原來,這就是他恐懼的深淵。不是黑暗,不是未知的危險,而是我。
是我成了懸在他頭頂的利刃,是我成了他被拿捏的軟肋。
那張偷拍的照片,角度刁鑽,捕捉到我們站在老圖書館陰影下的側影,我的輪廓清晰可辨。他們一直在監視,像陰溝裏的蛇,吐著信子,等著給予致命一擊。
冰冷的恐懼沿著脊椎急速攀升,幾乎要凍僵我的血液。可下一秒,一股更洶湧、更滾燙的情緒將它衝散——是憤怒,對他,更是對那個躲在暗處操縱這一切的,所謂的“深淵”。
他蜷縮在那裏,像一尊瞬間失去所有支撐的雕塑,連抱著頭的手臂都無力地垂落。那部還在“嗡嗡”震動的手機,彷彿不是握在他手裏,而是烙在他的皮肉上,將他最後一點掙紮的力氣也焚毀了。
就在他手指顫抖,幾乎要握不住那燙手山芋,眼神空洞地準備再次將我推開,用那套“為我好”的說辭構築圍牆時,我做了一件讓他,也讓我自己都愣住的事。
我沒有後退,沒有恐懼地環顧四周尋找偷拍的鏡頭,甚至沒有去理會那催命符一樣的手機。
我伸出手,不是覆上他冰冷的手背,而是直接、用力地,握住了他那隻死死攥著手機、指節泛白的手腕。
他渾身猛地一顫,驚愕地抬頭看我,猩紅的眼底充斥著難以置信。
“掛掉它。”我的聲音出乎意料地平穩,帶著一種連我自己都陌生的力量,在這死寂的陰影裏,清晰無比。
他瞳孔緊縮,嘴唇翕動,像是想說什麽。
“現在,掛掉。”我重複,手指收緊,不容置疑的力量透過麵板傳遞過去,“看著我。告訴我,你怕的是這個?”我晃了和他交握的手腕,讓那還在震動的手機螢幕對著我們,“還是怕我因為你,受到傷害?”
他的呼吸驟然急促起來,眼神痛苦地掙紮著,在我臉上和那螢幕之間來回巡梭,像一頭被困的獸。
“回答我!”我逼近一步,幾乎能感受到他急促呼吸帶來的微弱氣流,“在你決定推開我之前,至少讓我知道,我麵對的到底是什麽!是一個連名字都不敢告訴我的膽小鬼,還是一個寧可自己碎掉,也要把我隔絕在他的世界之外的……笨蛋!”
最後兩個字,我帶上了哽咽,但眼神沒有絲毫退讓。
“我不能……曦曦,我不能……”他搖著頭,聲音破碎不堪,那濃重的哭腔幾乎要將他自己淹沒,“你什麽都不明白……一次,隻要一次……我就……”
“我不明白?”我打斷他,心髒因為那個他無意識脫口而出的、親昵的稱呼而劇烈收縮,但此刻更重要的是撬開他的硬殼,“是,我是不明白!我不明白為什麽你要獨自承擔!我不明白為什麽你認為把我推開就是對我好!你問過我嗎?你問過我怕不怕嗎?”
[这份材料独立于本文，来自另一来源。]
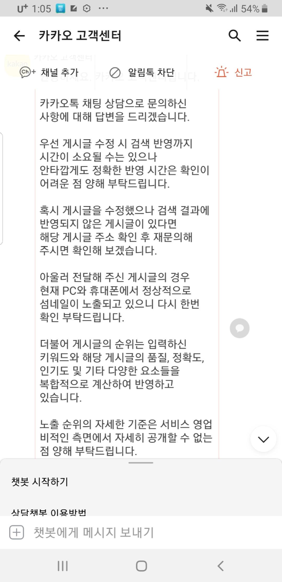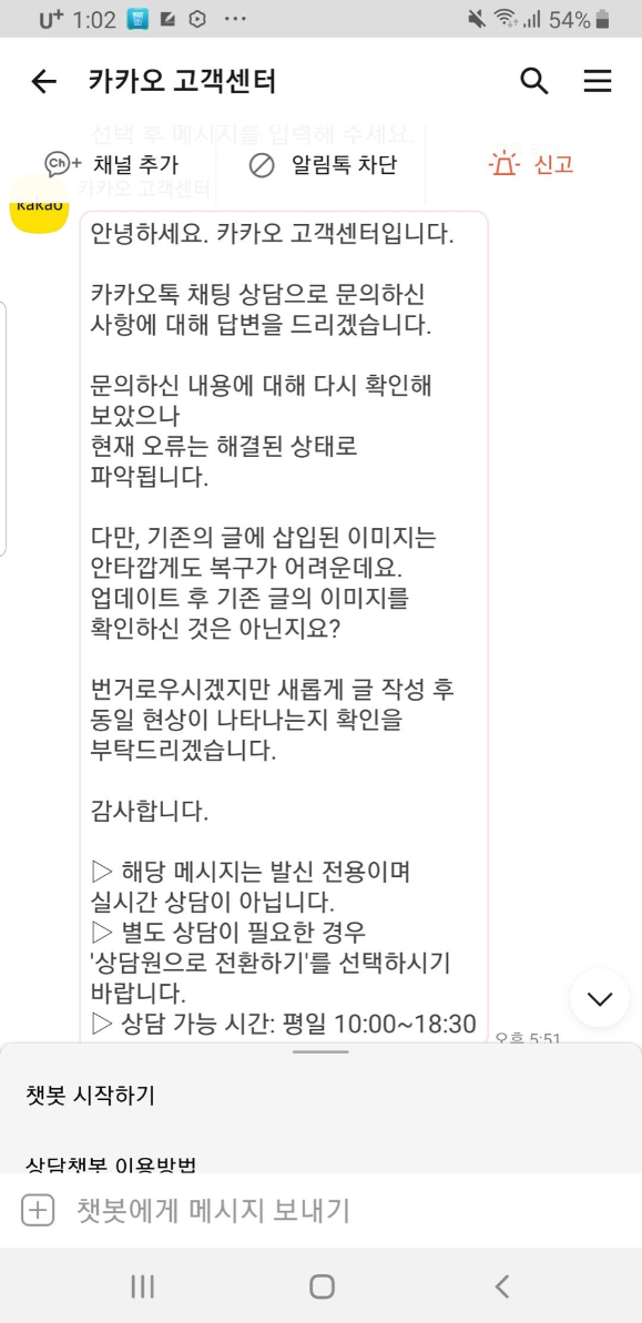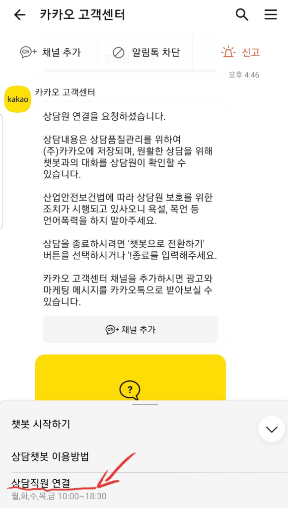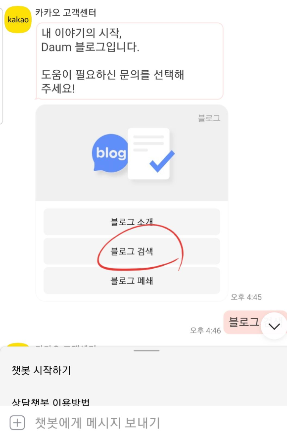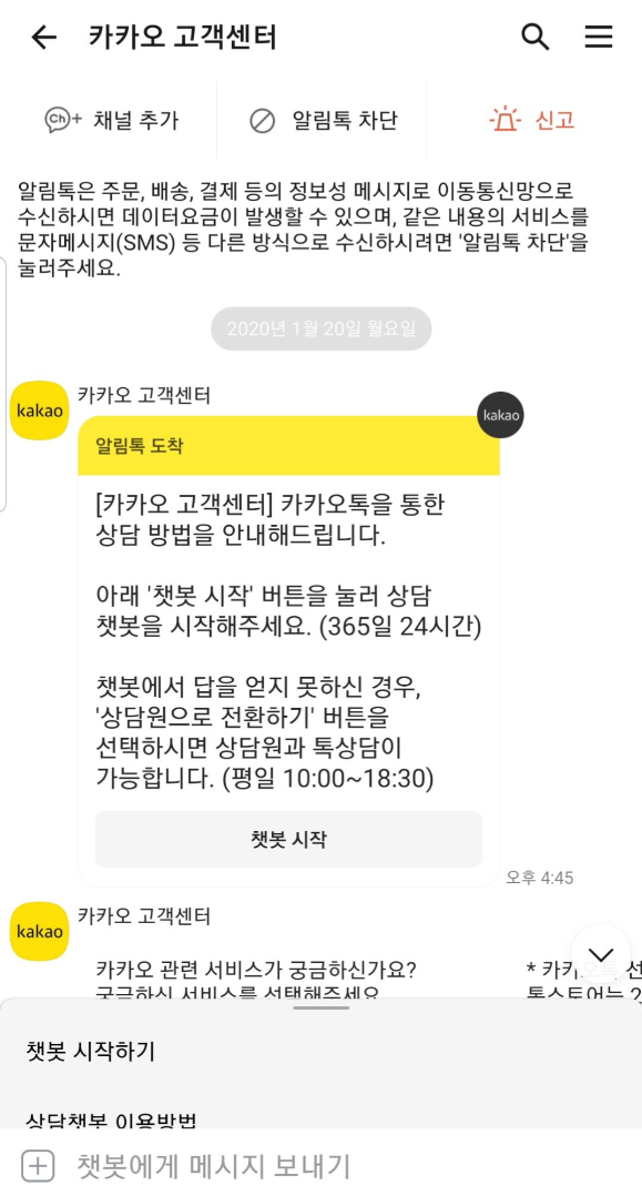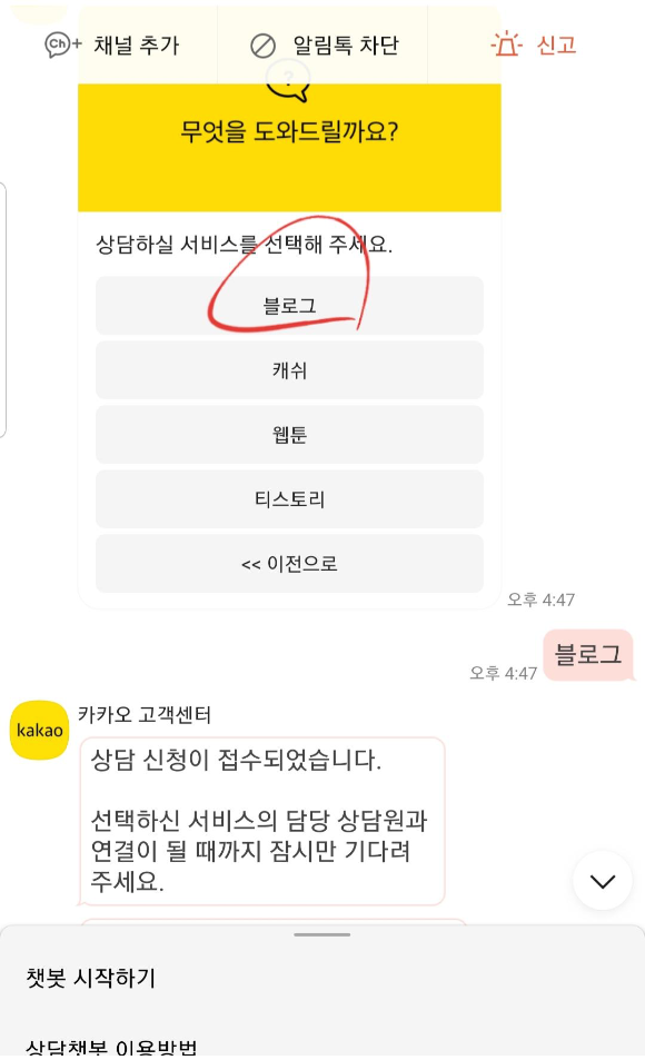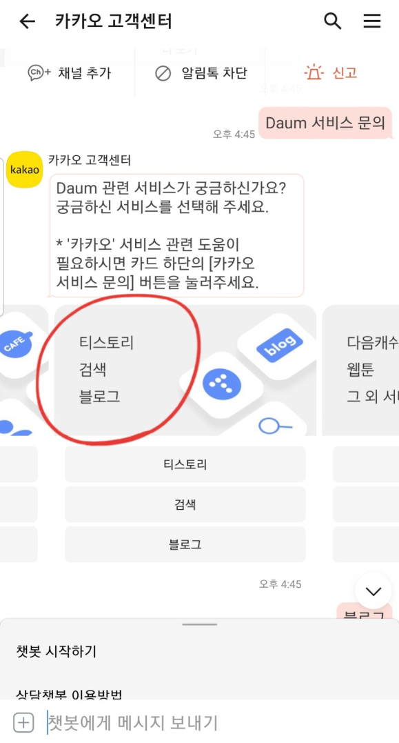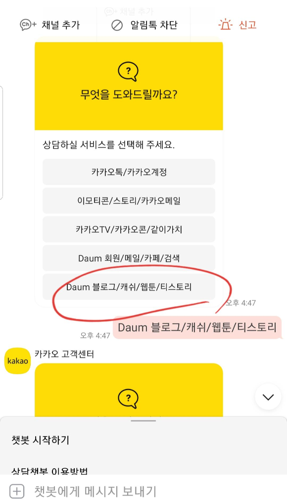 말이 길어졌는데 나도 처음 티스토리 블로그에 문제가 생겼을때 다음 고객센터에 문의하며 받은 편지함을 기다렸던 기억이 나는데 지금은 카카오 고객센터 채널을 즐겨찾기 해 놓고 수시로 궁금한건 물어보고 귀찮게 하고 있다. 카카오톡에서 카카오 고객센터 채널을 친구추가 하면 대화창이 바로 뜨는데 거기서 관련되는 항목을 체크해 준다. 약간 귀찮을때는...그냥 바로 하단에 있는

我的聲音抬高,在空曠的老圖書館廊簷下激起微弱的迴音。
“看著我的眼睛,告訴我,在你心裏,我就那麽無能,那麽不值得你信任,連和你站在一起的資格都沒有嗎?”
淚水終於不受控製地湧出我的眼眶,不是因為害怕,而是因為鋪天蓋地的心疼和憤怒。為他的固執,為他那愚蠢的、自我犧牲式的保護。
他看著我滾落的淚水,像是被燙到一般,眼神劇烈地顫動起來。那死寂的灰敗中,似乎有什麽東西正在龜裂。
“不是……你不是……”他啞聲否認,帶著一種絕望的急切,“你很好,你太好了……是我不配,是我……”他語無倫次,巨大的痛苦讓他幾乎無法組織語言。
“那就證明給我看!”我緊緊抓著他的手腕,彷彿那是狂風巨浪中唯一的浮木,“證明你不是膽小鬼!告訴我你的名字!讓我知道,站在我麵前的,不是一串程式碼,一個影子,而是一個有血有肉、會痛會怕,但依然選擇麵對的人!”
沉默。
隻有手機因為無人接聽而暫時停止震動後的、死一般的寂靜。
月光流淌在他蒼白的臉上,照亮他眼底那場無比激烈的戰爭。渴望與恐懼交織,靠近與推拒搏鬥。他看著我,那目光像是要將我的模樣刻進靈魂深處。
時間彷彿被拉長,每一秒都伴隨著心髒擂鼓般的跳動。
終於,他極其緩慢地、用一種近乎耗竭所有力氣的姿態,閉了閉眼,再睜開時,眼底那片猩紅的脆弱深處,掙紮著升起一絲微弱的、孤注一擲的決絕。
他的嘴唇,微微張開,一個音節幾乎要衝破那緊閉多年的牢籠——
“嗡——嗡——嗡——!”
那該死的手機,再一次,更為頑固、更為急促地震動起來!螢幕隨之亮起,這一次,不再僅僅是ID和照片,下麵赫然多了一行加粗的威脅文字:
【最後一次警告。離開她。否則,下一張,會出現在學校論壇首頁。你知道後果。】
他身體猛地一僵,剛剛凝聚起的那點決絕,如同被針紮破的氣球,瞬間幹癟消散。比之前更深的絕望和恐懼攫住了他,他甚至不敢再看我的眼睛,猛地想要抽回手。
“不……”他發出如同幼獸般的哀鳴。
但這次,我沒有鬆開。
反而在他抽手的瞬間,我用盡全身力氣,將他的手連同那部該死的手機,一起緊緊抱在了胸前。
手機堅硬的棱角膈得我生疼,那震動通過骨骼直接傳達到我的心髒。
他徹底僵住了,難以置信地看著我。
“讓他們發。”我仰起臉,任由淚水滑落,嘴角卻努力勾出一個近乎挑釁的、帶著淚意的笑,“你以為我怕嗎?比起那些莫須有的謠言,我更怕你又一次把我推開!”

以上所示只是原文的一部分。